A deconsecrated church in Mansfield now houses the recording studio of musician/engineer/producer Oliver Kenny, Holy Rock Studios. At its centre is a 36-channel ASP8024 Heritage Edition mixing desk supplied by KMR Audio.

Holy Rock StudiosKenny was involved from acquiring the building at auction, through the overall design and acoustics to costing the specifications. As well as accommodating ten musicians, there’s space in the building for his own living space.

‘The initial brief was to find a building that could be a blank canvas with high ceilings so I could craft a studio space with minimal limitations,’ Kenny says of the studio’s evolution. ‘Somewhere down the line, I started looking at church properties, and began to think it was a viable option. I found this one listed at auction – having previously bid on around ten churches, all silent bids, this one was at an actual property auction and was the most nerve-wracking experience of my life.’

Once he had won the bid, he was able to see that the true potential of the 115-year-old property: ‘We realised that not only could the band have their own apartment accommodation, but that there was enough space for me to build a house inside the church as well as offer some business units within the additional space,’ he recalls. ‘The decision to expand the build delayed the project by at least 12-18 months, but it was the right decision both for work-life balance and most efficient use of my resources.

‘The main church structure, on entry, was around 8-9m from floor to ceiling, which allowed me plenty of room to have high ceilings downstairs [around 4m] but also have room upstairs to live and function properly. I had a company come in and fit 14 steel pillars to support a steel and concrete floor, which split the building into the “house” upstairs and studio downstairs.’

Holy Rock StudiosKenny moved into his house-within-a-church in March, which he describes as ‘a permanent, forever home that I can grow into with a family’. Sleeping where the altar once was and looking out of a stained-glass window from his living room, the space is unique.

Studio A was next on the list and after the recent soft opening, which ‘went without a hitch’, Kenny invited local band The Family to come and trial the space, and record demos of two of their songs. ‘They were so impressed with the space and the gear, that they have booked in to record their debut album later in the year.’

KMR Audio supplied the desk, Barefoot MM27 Gen 2 monitors and much of the outboard: ‘I took pride in putting together an equipment list that is the best value for money, having balance throughout my chain, compromise where needed and quality where it counts resulting in a great finished sound. This balanced approach allows me to create a world-class sound for my clients – without breaking the bank for either of us.

‘The desk’s sound quality is able to compete with desks at a much, much higher price point, its functionality is flexible and the module design of the desks allowed me to design my version of the console with space for the Slate MTI2 in the middle for automation.’ With 36 channels, two producer bays and a patchbay, the set-up suits Kenny’s workflow. ‘I love an inline console design – you can  get a recording level and mix at the same time so, so easily.

‘I think one thing that has surprised me is just how much I have come to love the Retro Iron, High Lift and Low Bump buttons on the stereo bus. During mixing, these are pressed down almost the entire time. It just adds something to the sound that is so subtle but when you take it off you’re painfully aware of that, to use a cliché term, ‘vintage coloured type tone’ being missing.

‘Although we also have some vintage console mic pre clones that we use on some of the core sounds, a lot of the time for everything else we will use the preamps from the desk. The amazing quality of sound that they produce means they can sit alongside the classics and you can’t go wrong.’

Still under construction, Studio B is a smaller studio/producer space: ‘We thought very carefully about the relationship between Studio A and B and how these could complement each other,’ Kenny says. ‘We have the Audient iD22 as our audio interface in addition to the ASP800 8-channel mic preamplifier, so that we are able to record a full ten channels of audio at once to record a full drum kit easily.

‘What was super important to me in the design of the studio rooms was flexibility.
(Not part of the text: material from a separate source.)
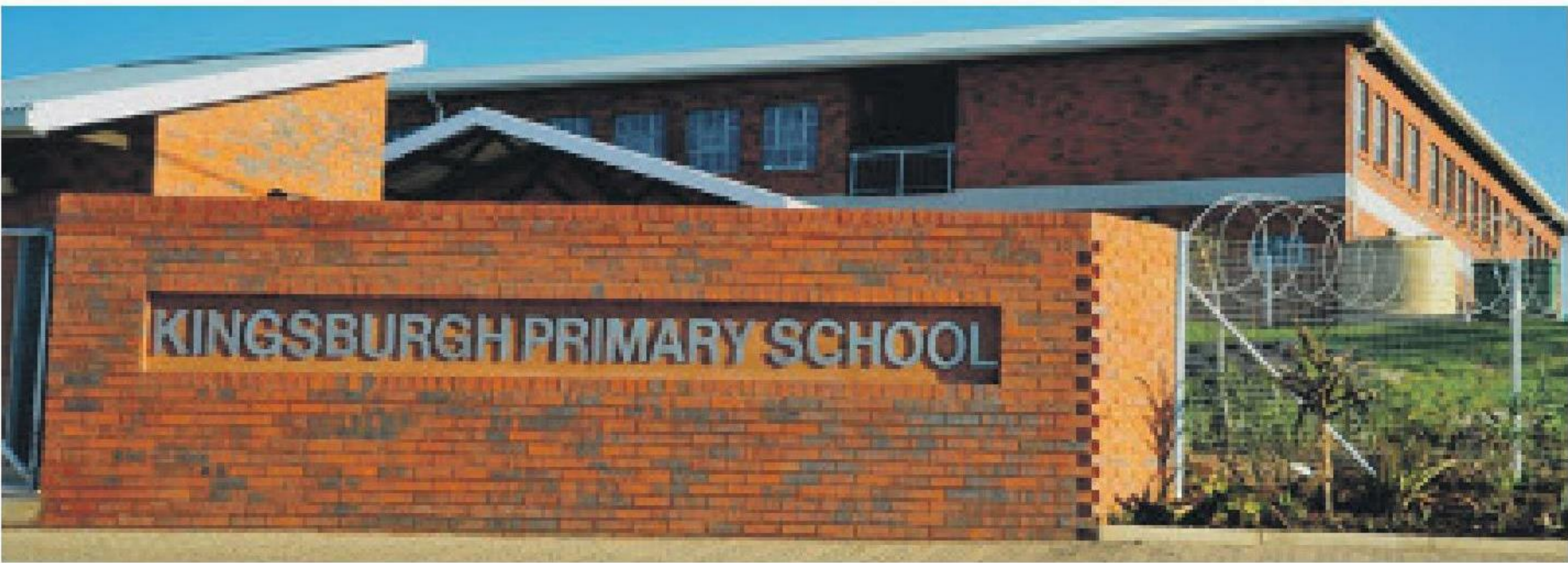
Completed Project: Kingsburgh Primary School in the KZN Province.

Some of these include Glengarry Primary School; Goodhome Secondary School; Hhoye Secondary School; Mbongeleni Primary School; Umsilinga Primary School; Ebuhlenibenkosi Secondary School; Westmead Secondary School; Khindi Jobe Primary School and Ukhanyakomsinga Special School, to mention but a few.

I needed to make sure that Studio B had a similar spec to Studio A, so any overdubs or any vocal or instrument work in Studio B don’t sound different to Studio A. Having the same class-A mic pres throughout the Audient range, and fantastic converters in the iD22, means I have no doubt that whatever we do across the two different studio rooms for tracking, will result in no noticeable difference in quality.’
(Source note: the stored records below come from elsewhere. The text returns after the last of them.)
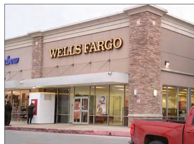
Wells Fargo bank that was robbed, on the North Freeway in the Greenspoint area.

Continued. See CHILDREN ROB BANK, Page 6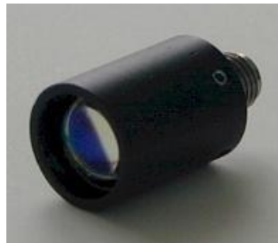
SMA Type Collimator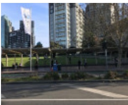
2017 from St Kilda Road.jpg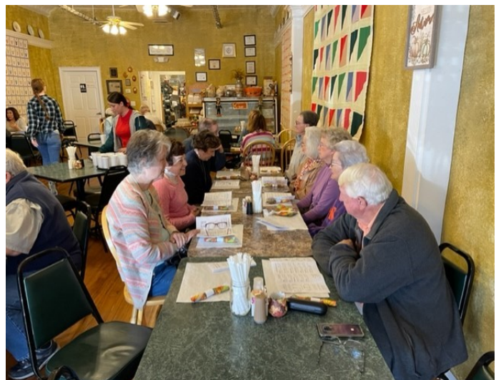
Hungry Daytrippers at the Little Bistro in Liberty

Kenny is excited about getting stuck into recording, hinting at a Grammy Award-winning American artist showing interest in finishing their latest album at Holy Rock Studios: ‘I can’t give much more information than that at the moment,’ he says. ‘The studio is designed to work with bands with big guitars, loud drums, screaming vocals and a heavy sound. We could of course record anything but those are the kind of sounds and genres our space specialises in as this is what we love to do ourselves.’